[Records from a dataset]
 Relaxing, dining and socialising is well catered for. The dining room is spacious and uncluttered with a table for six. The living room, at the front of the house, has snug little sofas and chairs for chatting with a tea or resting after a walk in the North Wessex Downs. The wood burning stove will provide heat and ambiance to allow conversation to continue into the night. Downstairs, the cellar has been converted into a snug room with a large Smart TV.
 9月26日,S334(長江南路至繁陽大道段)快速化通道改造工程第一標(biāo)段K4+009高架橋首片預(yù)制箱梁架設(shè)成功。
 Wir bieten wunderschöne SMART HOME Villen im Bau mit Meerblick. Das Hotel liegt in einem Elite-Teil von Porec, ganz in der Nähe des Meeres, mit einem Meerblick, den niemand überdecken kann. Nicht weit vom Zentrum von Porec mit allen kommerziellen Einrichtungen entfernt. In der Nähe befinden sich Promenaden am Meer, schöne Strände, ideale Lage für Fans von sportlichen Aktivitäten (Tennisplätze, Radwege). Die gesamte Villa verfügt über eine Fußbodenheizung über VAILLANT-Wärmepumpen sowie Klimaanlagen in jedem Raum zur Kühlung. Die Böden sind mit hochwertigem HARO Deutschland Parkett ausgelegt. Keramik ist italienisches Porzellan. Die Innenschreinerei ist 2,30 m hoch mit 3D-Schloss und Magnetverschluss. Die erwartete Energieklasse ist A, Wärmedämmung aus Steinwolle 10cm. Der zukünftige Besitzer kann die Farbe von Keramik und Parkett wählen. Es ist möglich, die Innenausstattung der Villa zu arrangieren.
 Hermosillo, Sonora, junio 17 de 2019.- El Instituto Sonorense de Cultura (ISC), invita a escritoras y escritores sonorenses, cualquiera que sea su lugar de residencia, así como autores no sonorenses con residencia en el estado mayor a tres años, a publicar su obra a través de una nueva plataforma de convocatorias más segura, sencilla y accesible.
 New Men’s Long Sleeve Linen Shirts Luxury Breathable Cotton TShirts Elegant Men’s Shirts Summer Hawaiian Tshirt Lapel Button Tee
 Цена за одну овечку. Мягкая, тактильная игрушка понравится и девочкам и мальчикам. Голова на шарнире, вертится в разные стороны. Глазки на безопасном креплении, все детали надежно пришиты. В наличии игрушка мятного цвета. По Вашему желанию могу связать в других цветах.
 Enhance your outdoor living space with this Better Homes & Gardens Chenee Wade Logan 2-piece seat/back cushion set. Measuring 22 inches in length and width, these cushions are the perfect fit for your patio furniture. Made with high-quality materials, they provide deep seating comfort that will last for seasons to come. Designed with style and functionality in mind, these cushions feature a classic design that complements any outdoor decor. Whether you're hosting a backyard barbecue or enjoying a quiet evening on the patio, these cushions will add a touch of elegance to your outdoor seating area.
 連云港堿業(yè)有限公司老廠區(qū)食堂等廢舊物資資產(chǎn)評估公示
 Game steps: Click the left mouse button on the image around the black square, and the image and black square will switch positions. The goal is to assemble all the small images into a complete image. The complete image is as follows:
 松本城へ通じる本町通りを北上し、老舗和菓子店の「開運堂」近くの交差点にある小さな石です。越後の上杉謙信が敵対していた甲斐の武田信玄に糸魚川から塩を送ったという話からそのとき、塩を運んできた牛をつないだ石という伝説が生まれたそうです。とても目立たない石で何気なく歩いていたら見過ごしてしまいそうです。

ASSIGNMENT: Could you transcribe every entry exactly, without altering anything?

OUTPUT FOR THIS TASK:
 Relaxing, dining and socialising is well catered for. The dining room is spacious and uncluttered with a table for six. The living room, at the front of the house, has snug little sofas and chairs for chatting with a tea or resting after a walk in the North Wessex Downs. The wood burning stove will provide heat and ambiance to allow conversation to continue into the night. Downstairs, the cellar has been converted into a snug room with a large Smart TV.
 9月26日,S334(長江南路至繁陽大道段)快速化通道改造工程第一標(biāo)段K4+009高架橋首片預(yù)制箱梁架設(shè)成功。
 Wir bieten wunderschöne SMART HOME Villen im Bau mit Meerblick. Das Hotel liegt in einem Elite-Teil von Porec, ganz in der Nähe des Meeres, mit einem Meerblick, den niemand überdecken kann. Nicht weit vom Zentrum von Porec mit allen kommerziellen Einrichtungen entfernt. In der Nähe befinden sich Promenaden am Meer, schöne Strände, ideale Lage für Fans von sportlichen Aktivitäten (Tennisplätze, Radwege). Die gesamte Villa verfügt über eine Fußbodenheizung über VAILLANT-Wärmepumpen sowie Klimaanlagen in jedem Raum zur Kühlung. Die Böden sind mit hochwertigem HARO Deutschland Parkett ausgelegt. Keramik ist italienisches Porzellan. Die Innenschreinerei ist 2,30 m hoch mit 3D-Schloss und Magnetverschluss. Die erwartete Energieklasse ist A, Wärmedämmung aus Steinwolle 10cm. Der zukünftige Besitzer kann die Farbe von Keramik und Parkett wählen. Es ist möglich, die Innenausstattung der Villa zu arrangieren.
 Hermosillo, Sonora, junio 17 de 2019.- El Instituto Sonorense de Cultura (ISC), invita a escritoras y escritores sonorenses, cualquiera que sea su lugar de residencia, así como autores no sonorenses con residencia en el estado mayor a tres años, a publicar su obra a través de una nueva plataforma de convocatorias más segura, sencilla y accesible.
 New Men’s Long Sleeve Linen Shirts Luxury Breathable Cotton TShirts Elegant Men’s Shirts Summer Hawaiian Tshirt Lapel Button Tee
 Цена за одну овечку. Мягкая, тактильная игрушка понравится и девочкам и мальчикам. Голова на шарнире, вертится в разные стороны. Глазки на безопасном креплении, все детали надежно пришиты. В наличии игрушка мятного цвета. По Вашему желанию могу связать в других цветах.
 Enhance your outdoor living space with this Better Homes & Gardens Chenee Wade Logan 2-piece seat/back cushion set. Measuring 22 inches in length and width, these cushions are the perfect fit for your patio furniture. Made with high-quality materials, they provide deep seating comfort that will last for seasons to come. Designed with style and functionality in mind, these cushions feature a classic design that complements any outdoor decor. Whether you're hosting a backyard barbecue or enjoying a quiet evening on the patio, these cushions will add a touch of elegance to your outdoor seating area.
 連云港堿業(yè)有限公司老廠區(qū)食堂等廢舊物資資產(chǎn)評估公示
 Game steps: Click the left mouse button on the image around the black square, and the image and black square will switch positions. The goal is to assemble all the small images into a complete image. The complete image is as follows:
 松本城へ通じる本町通りを北上し、老舗和菓子店の「開運堂」近くの交差点にある小さな石です。越後の上杉謙信が敵対していた甲斐の武田信玄に糸魚川から塩を送ったという話からそのとき、塩を運んできた牛をつないだ石という伝説が生まれたそうです。とても目立たない石で何気なく歩いていたら見過ごしてしまいそうです。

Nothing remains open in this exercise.